- **Given information**
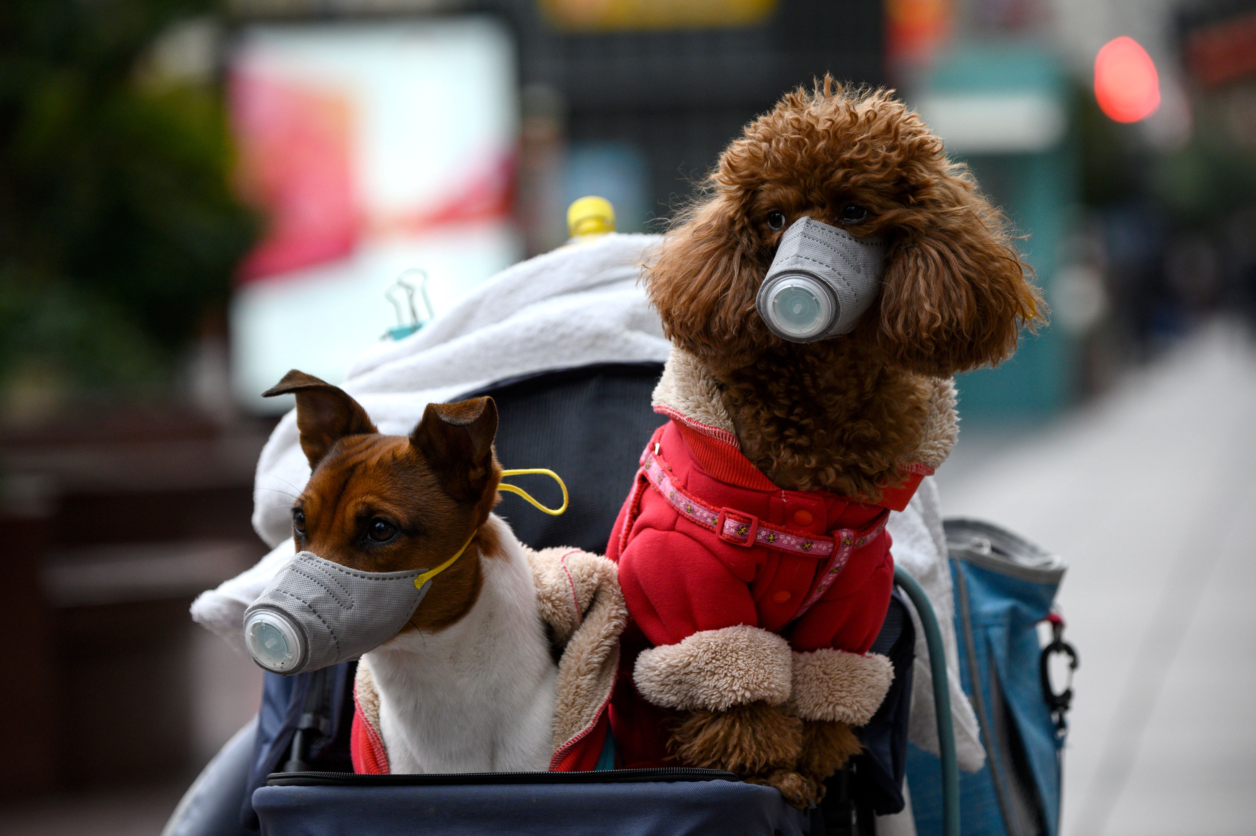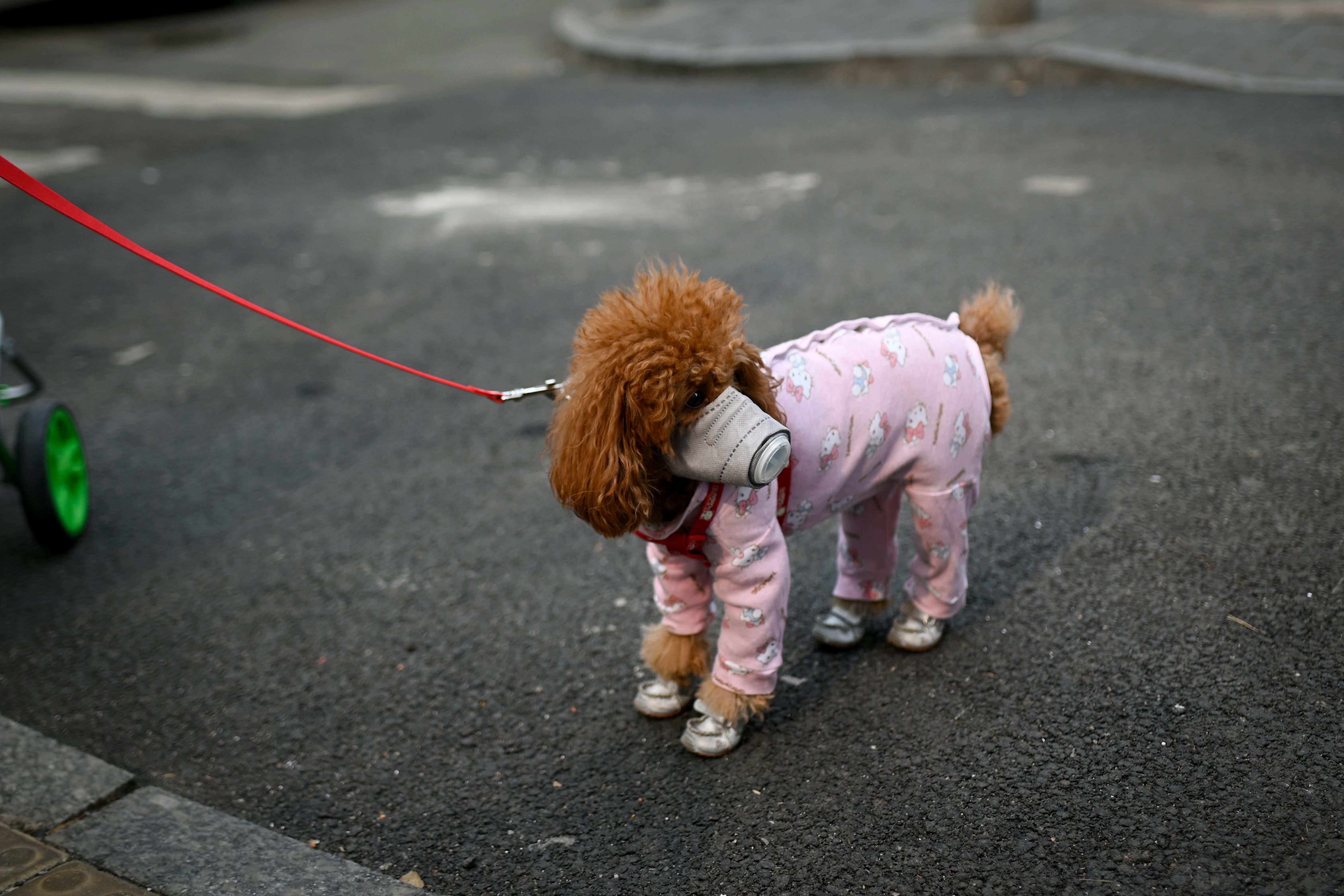 Algunos dueños de mascotas en China continental han puesto a sus perros pequeñas máscaras faciales, pero Gray dijo que eso no tiene ningún beneficio; de hecho, probablemente es bastante angustiante para la mascota y podría causarles pánico.
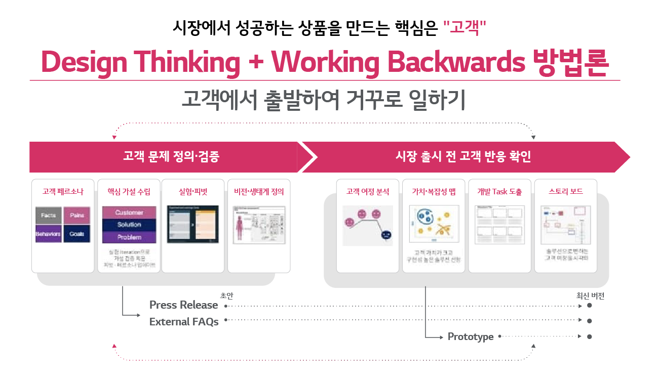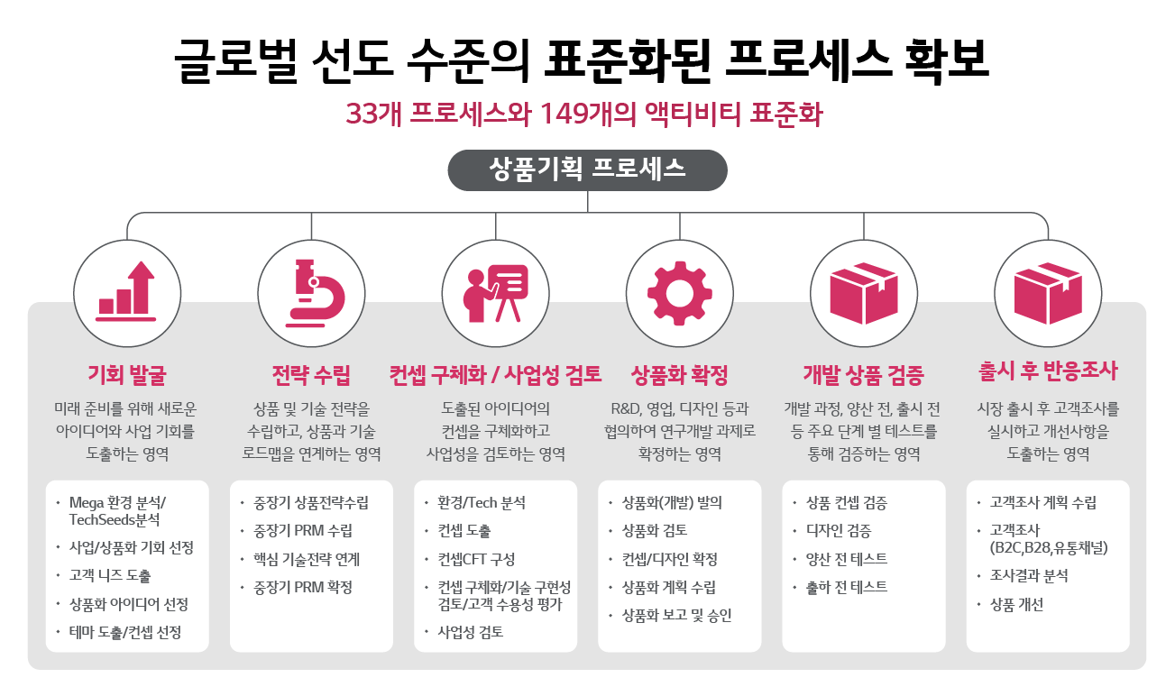 이러한 니즈를 바탕으로 LG는 2019년부터 이러한 상품기획 시장의 변화를 포착했습니다. LG가 지향하는 ‘고객 중심 상품’ 기획을 위해 프로세스 혁신이 필요하다는 목소리가 내부에서부터 시작됐고, 상품 기획자들의 고민을 덜기 위해, 글로벌 선진기업의 상품기획 방법론과 LG의 상품기획 프로세스를 통합해보자는 아이디어를 기획했습니다. LG 전자, LG 디스플레이, LG 이노텍 등 9개 계열사와 약 4년여간 협력하여, 각 계열사의 상품기획 프로세스 현황과 Pain Point를 분석하고, 이를 바탕으로 최고의 상품기획 프로세스를 정의했습니다.
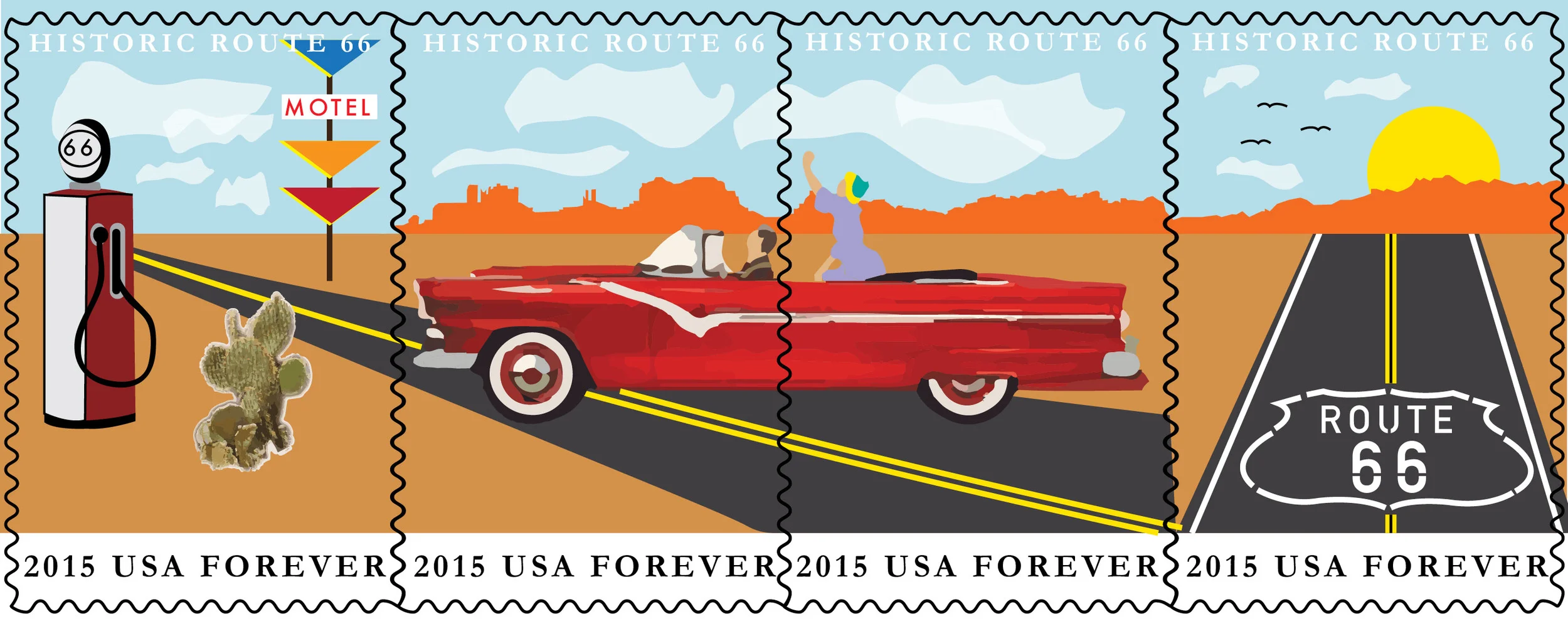 This was a project to create a cohesive stamp design for the United States Postal Service. The requirements of this assignment matched those of the USPS Postage Stamp Standards, including that the stamp reflect a significant American cultural event, tradition or movement. Inspired by my upbringing in the Southwest, I chose to showcase the world famous Route 66.
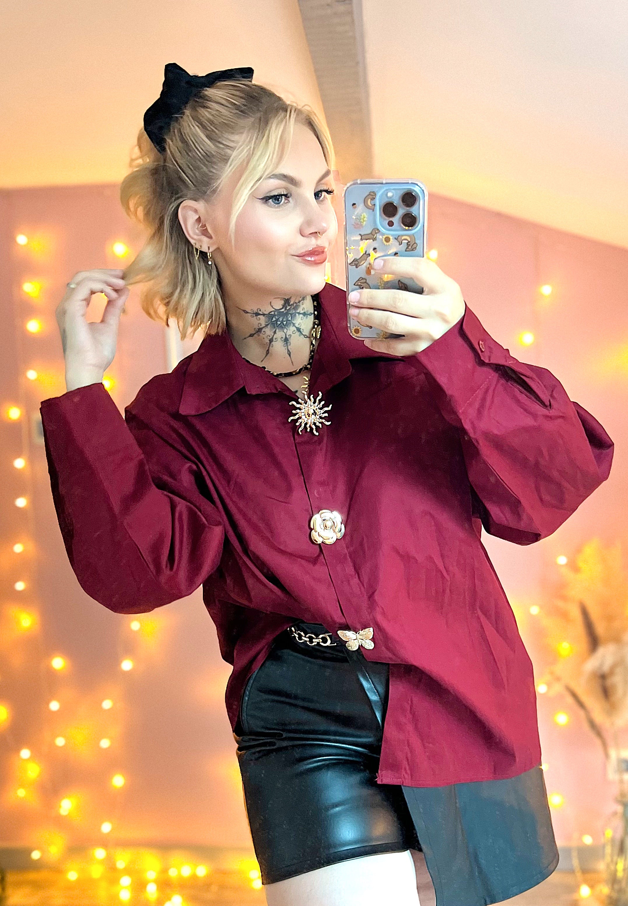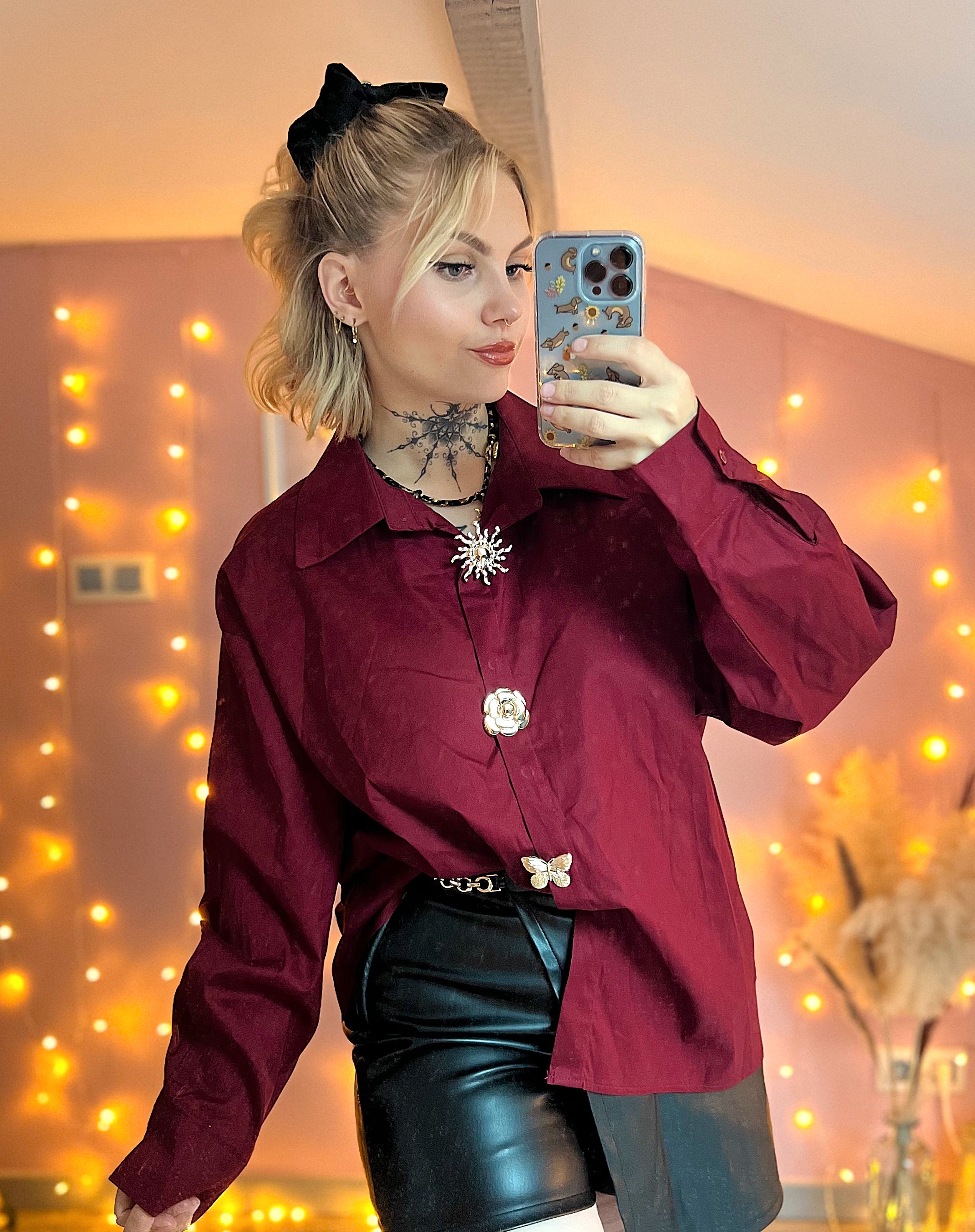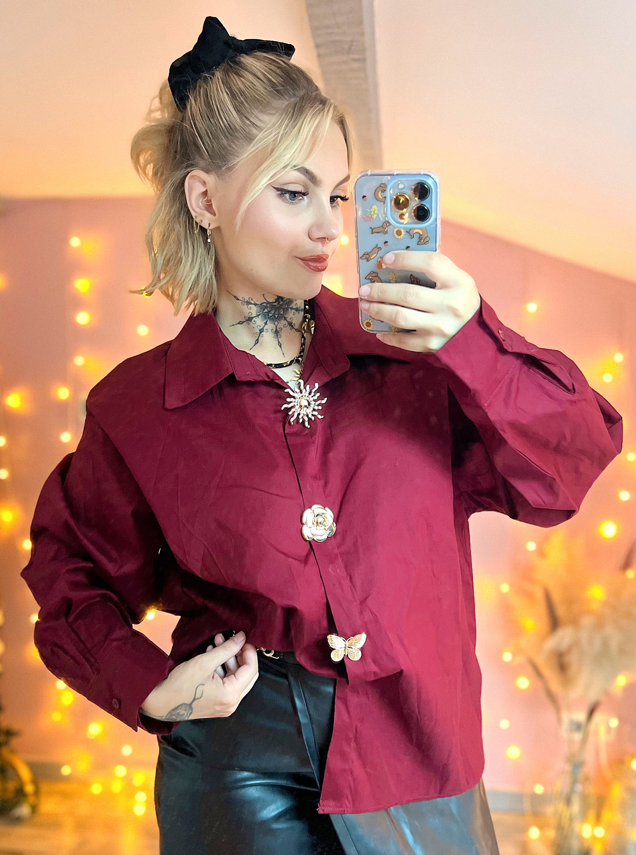 Chemise bordeaux oversize avec boutons bijoux dorés.

- **Task instructions**
Give every line of the listing above again, exactly, with no images.

- **Solution for this task**
 Algunos dueños de mascotas en China continental han puesto a sus perros pequeñas máscaras faciales, pero Gray dijo que eso no tiene ningún beneficio; de hecho, probablemente es bastante angustiante para la mascota y podría causarles pánico.
 이러한 니즈를 바탕으로 LG는 2019년부터 이러한 상품기획 시장의 변화를 포착했습니다. LG가 지향하는 ‘고객 중심 상품’ 기획을 위해 프로세스 혁신이 필요하다는 목소리가 내부에서부터 시작됐고, 상품 기획자들의 고민을 덜기 위해, 글로벌 선진기업의 상품기획 방법론과 LG의 상품기획 프로세스를 통합해보자는 아이디어를 기획했습니다. LG 전자, LG 디스플레이, LG 이노텍 등 9개 계열사와 약 4년여간 협력하여, 각 계열사의 상품기획 프로세스 현황과 Pain Point를 분석하고, 이를 바탕으로 최고의 상품기획 프로세스를 정의했습니다.
 This was a project to create a cohesive stamp design for the United States Postal Service. The requirements of this assignment matched those of the USPS Postage Stamp Standards, including that the stamp reflect a significant American cultural event, tradition or movement. Inspired by my upbringing in the Southwest, I chose to showcase the world famous Route 66.
 Chemise bordeaux oversize avec boutons bijoux dorés.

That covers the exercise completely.